Just wanna know if you heard some of my stuff, If you hate it, like it, I can take criticism, I like hearing everything about my music, I swear


----------



## nobuyuki (Jul 16, 2008)

I heard some of it a while back,  iirc most of it sounded heavily sampled.  I forget, are you a turntablist or something like that?  The music sounded very experimental


----------



## Baddwill (Jul 16, 2008)

nobuyuki said:


> I heard some of it a while back, iirc most of it sounded heavily sampled. I forget, are you a turntablist or something like that? The music sounded very experimental


 
I'm not a turntablist, I only sample from records and chopp them up, But I sure wish I was a turntablist! I mostly make Hip Hop beats, but yeah I like to experiment sometimes.

Thanks for replying!


----------



## rocrocroc (Jul 17, 2008)

Yeah I've heard of BaddWill. Killed 3 guys in self-defense and drops mad beats.

Crazy mothafucka!


----------



## Ak-Nolij (Jul 18, 2008)

WWWIIIIIIILLLLLLLL! Haven't seen you for a minute. How's things???


----------



## kalibration ltd (Jul 18, 2008)

Not my kinda music, but damn if you're not amazing at it!
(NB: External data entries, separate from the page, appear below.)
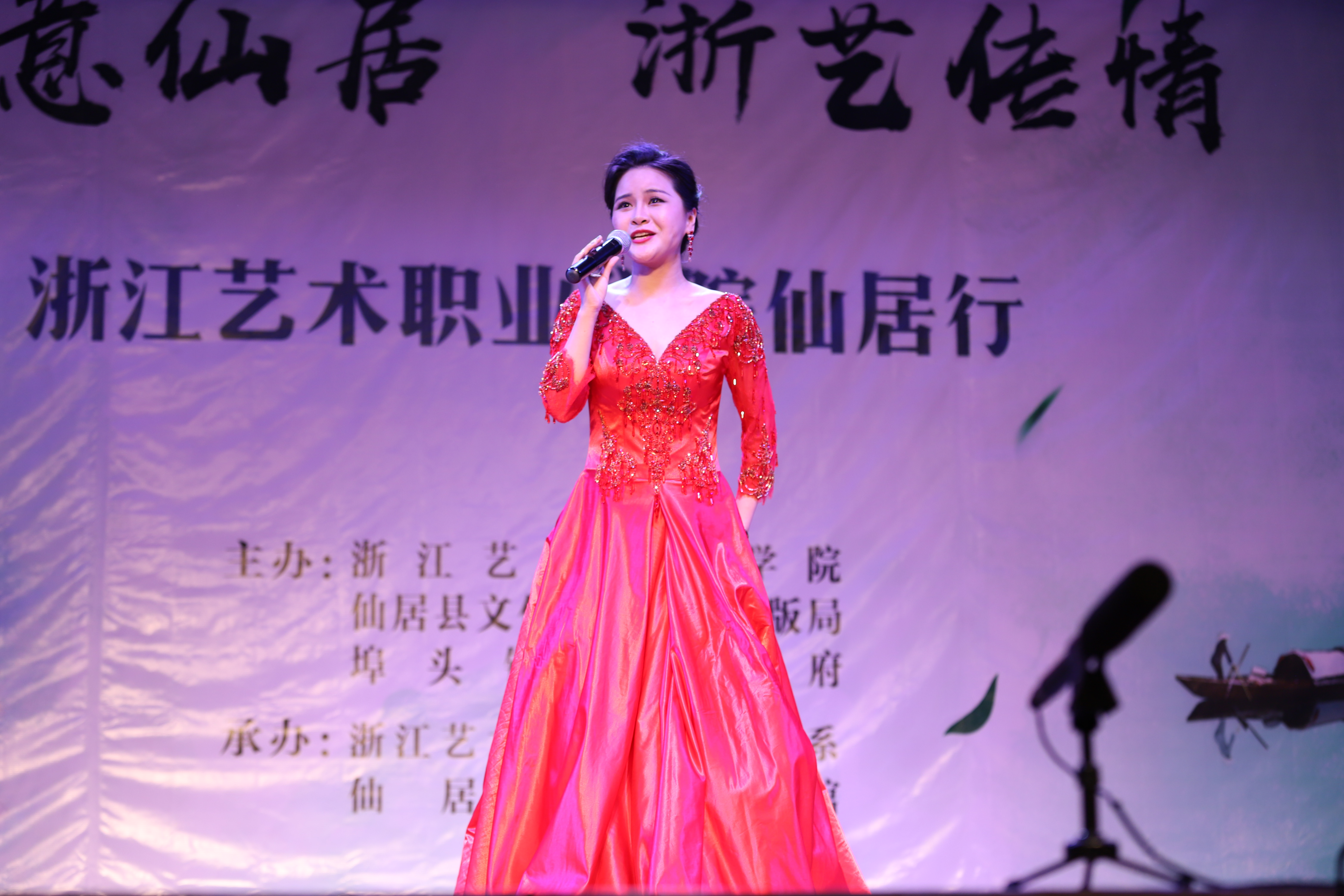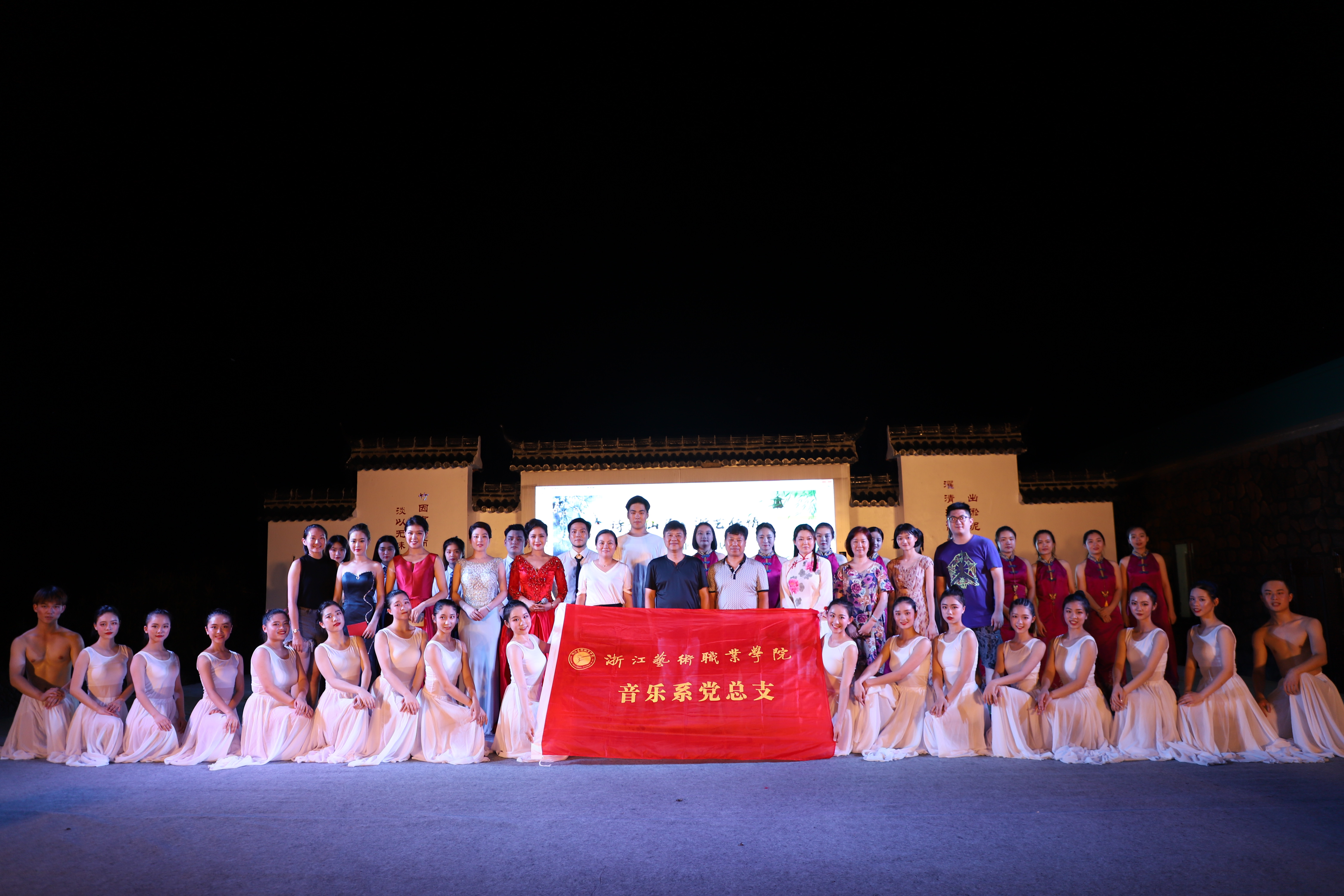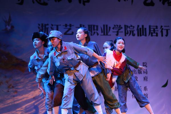 授牌仪式后,浙艺师生为当地群众作了精彩演出。由古筝、扬琴、中软、琵琶等民族传统乐器组成的弹拨乐重奏《鲁腔》拉开了晚会的序幕,笛子独奏《牧民新歌》富含田园气息,阿卡贝拉《小九妹》表演形式令村民们耳目一新,群舞《八女投江》演绎了革命烈士的英勇无畏,萨克斯独奏《此情不移》旋律悠扬,女声独唱《芦花》声声动人,《流行舞串烧》和群舞《不想说再见》青春洋溢,古筝独奏《西部主题畅想曲》仿佛将观众带回了古时的西域,演出在女声独唱《中国进入新时代》中落下了帷幕。整台节目丰富多彩,村民们赞叹不已,更有村民说:“浙艺真是全省文艺人才的‘黄埔军校’啊”!当晚演出进行了现场直播,点击量达12.3万人次。次日晚,浙艺师生在仙居县淡竹乡下叶村再次进行专场演出。
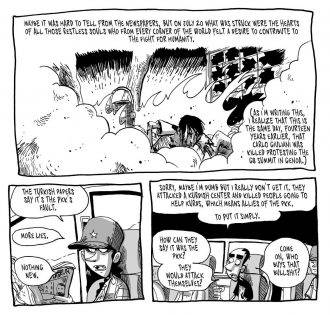 Hablemos un poco de la que debe ser tu obra más conocida, Kobane Calling. ¿Viajaste con la idea de hacer el libro o salió sobe la marcha? Y ya que estamos ¿cómo fue el proceso? Algo contas en la propia historieta, de que sacaste fotos, tomaste apuntes, pero más allá de eso ¿llegaste a producir páginas estando allá? ¿Qué tanto dependiste de tu memoria a la hora de plasmar lo que viviste en papel? Y la última ¿Qué tiempo te llevó terminarla?
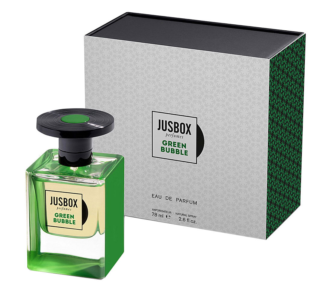 The Jusbox flacons stand out a little from the often dull all sorts of things, a clear glass square with a very solid base and colour accents that let the entire flacon shine, crowned by a black knob on which a stylized vinyl disc thrones. All this packed in a voluminous and beautifully printed cardboard box. Very attractive design that runs from A to Zet - that's what I like! In this perfume, a strong green has been chosen, which is also very much to his face, the fragrance is called dashing "Green Bubble". Unfortunately I don't want to think of any pictures to justify this name - but I would be similarly misleading with Allen keys, bacon dumplings, Tempo 30 zones or daisies.
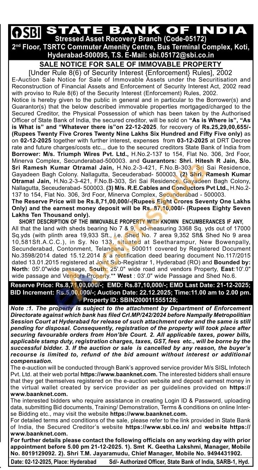 All that the land with sheds bearing No 7 & 9, ad-measuring 3368 Sq. yds out of 17000 Sq.yds (with plinth area 19,933 Sft., i.e. Shed No. 7 area 9,352 Sft& Shed No 9 area 10,581Sft.A.C.C.), in Sy. No 133, situated at Seetharampur, New Bowenpally, Secunderabad, Contonment, Telangana 500011 covered by Registered Document No.3598/2014 dated 15.12.2014 & a rectification deed bearing document No.117/2015 dated 13.01.2015 registered at Joint Sub-Registrar 1, Hyderabad (RO) and Bounded by: North: 05'.0"wide passage, South: 25'.0" wide road and vendors Property, East: 10.0" wide passage and Vendors Property.** West: 03'.0" wide Passage and Shed No.6.
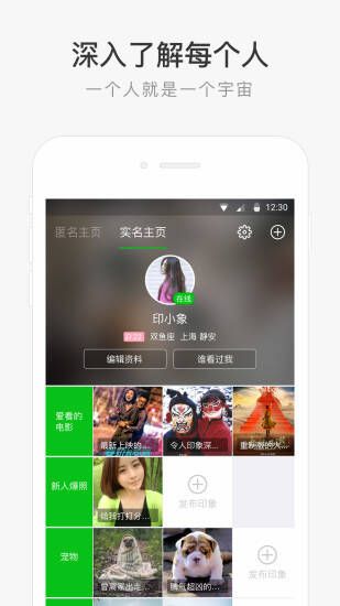 【匿名聊天】除实名社交,还有匿名聊天功能,到朋友主页点击即可匿名畅聊。
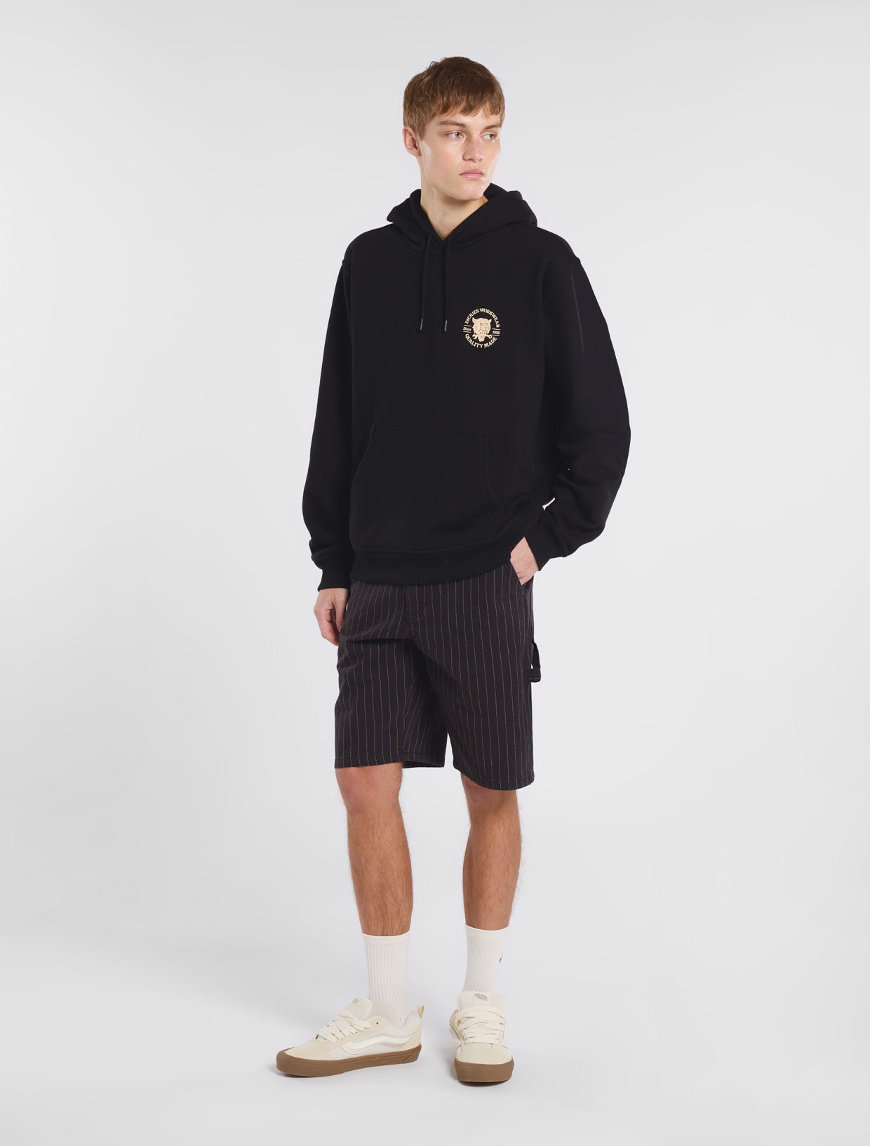 Den lediga och sköna huvtröjan Wrench för kyliga dagar och kvällar är sydd i slitstark polyester- och bomullsfleece med borstad insida. Den här oömma tröjan har även huva med dragsko, en påsydd ficka på magen, och till vänster på bröstet och på ryggen finns ett runt verkstadsinspirerat tryck i vintagestil som inspirerats av våra rötter inom arbetskläder.
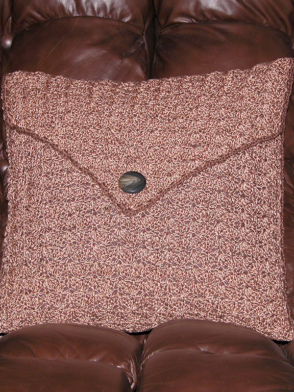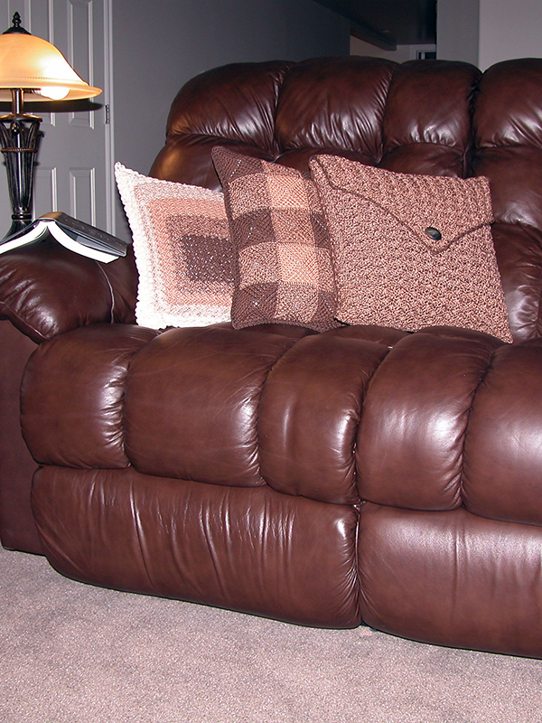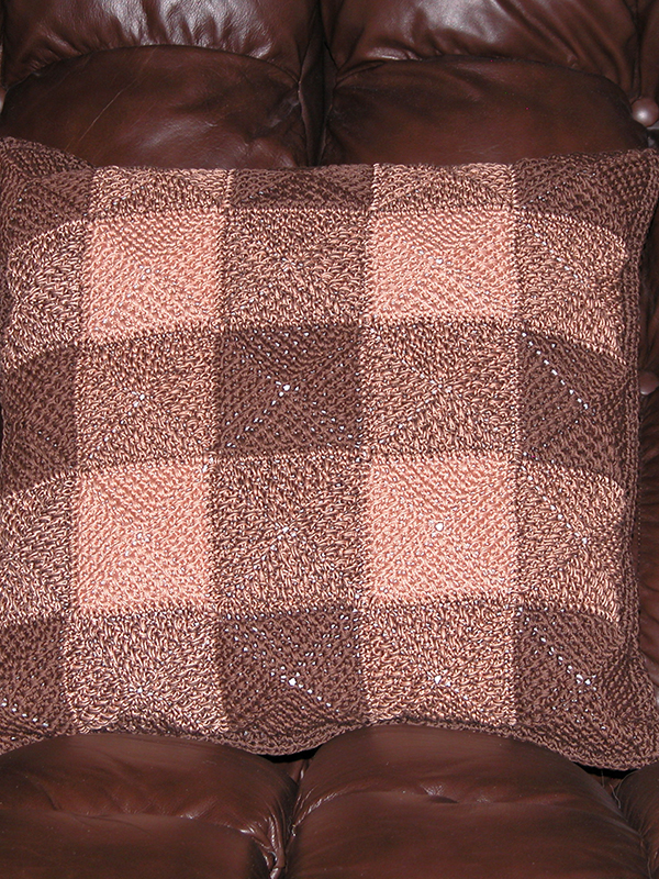 Three pillow designs (Diamond, Gingham and Button) are provided using different combinations of the same three colors: light ecru, light copper and brown.
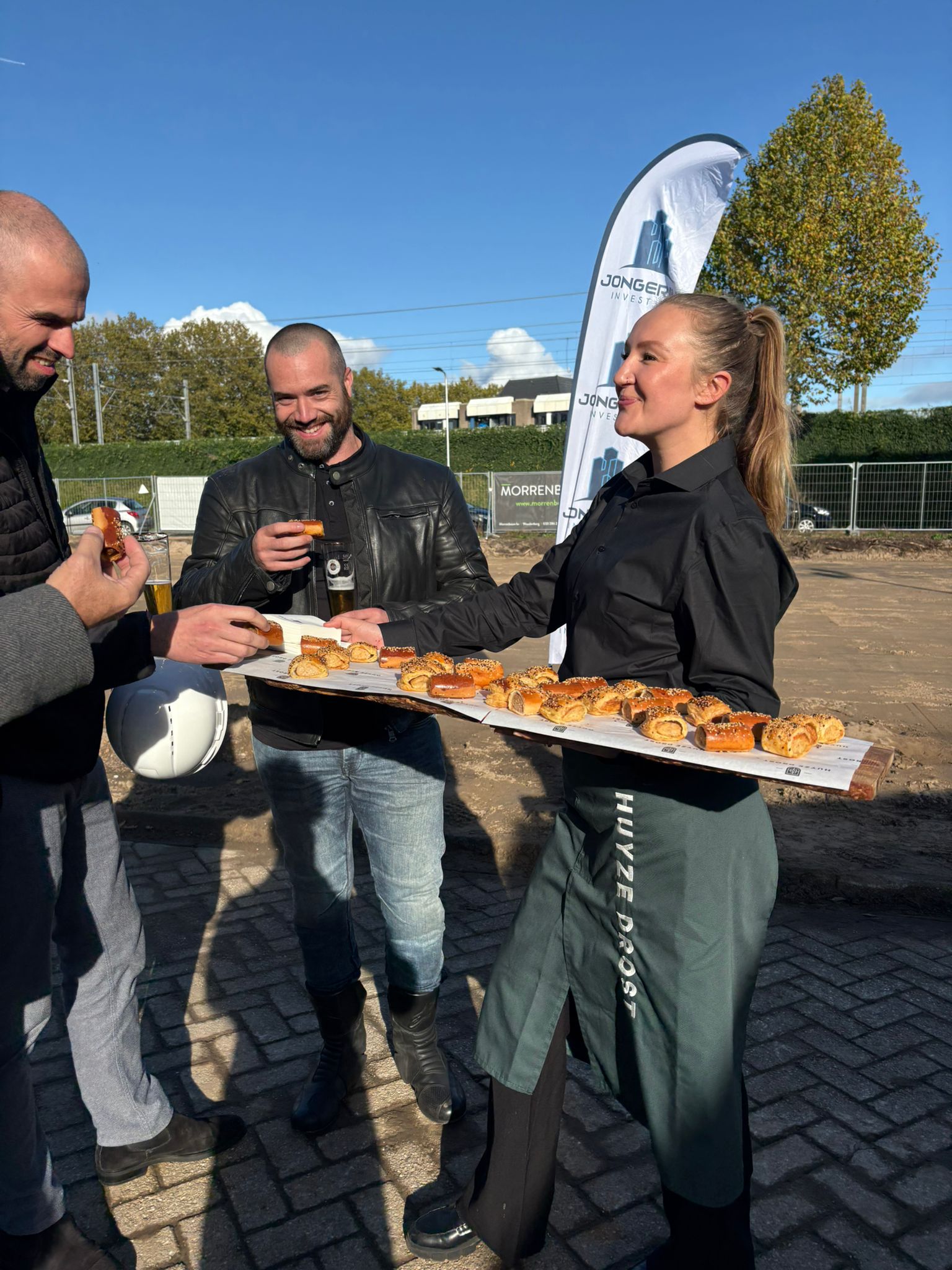 Tussen bouwhelmen en bouwtekeningen, midden op de bouwplaats, mochten wij de catering én de beleving verzorgen. En als er iets is waar we bij Huyze Drost van houden, dan is het een thema dat we tot in de kleinste details mogen doorvoeren. Dips uit kitspuiten, stoere gerechten en een team dat met helm op klaarstond om gasten te ontvangen.

I can appreciate stuff even that I'm not really into, and you got talent for sure.


----------



## Baddwill (Jul 18, 2008)

yeauhhhhhhhh Lol!!


----------



## Baddwill (Jul 18, 2008)

kalibration ltd said:


> Not my kinda music, but damn if you're not amazing at it!
> 
> I can appreciate stuff even that I'm not really into, and you got talent for sure.


 
Thank you!, Maybe I can incorperate  something you like into my composissions  but just the fact that you appreciate and see the work put into it even though it's not the type of music you like,It gives me a good sign of how people are gonna react to my music.


----------



## Baddwill (Jul 18, 2008)

Ak-Nolij said:


> WWWIIIIIIILLLLLLLL! Haven't seen you for a minute. How's things???


 
Been great! Just got home from diggin' at the record shop!!, Working on beats and thinking of a master plan! 

What's good with you fam? Working on the beats and artwork?


----------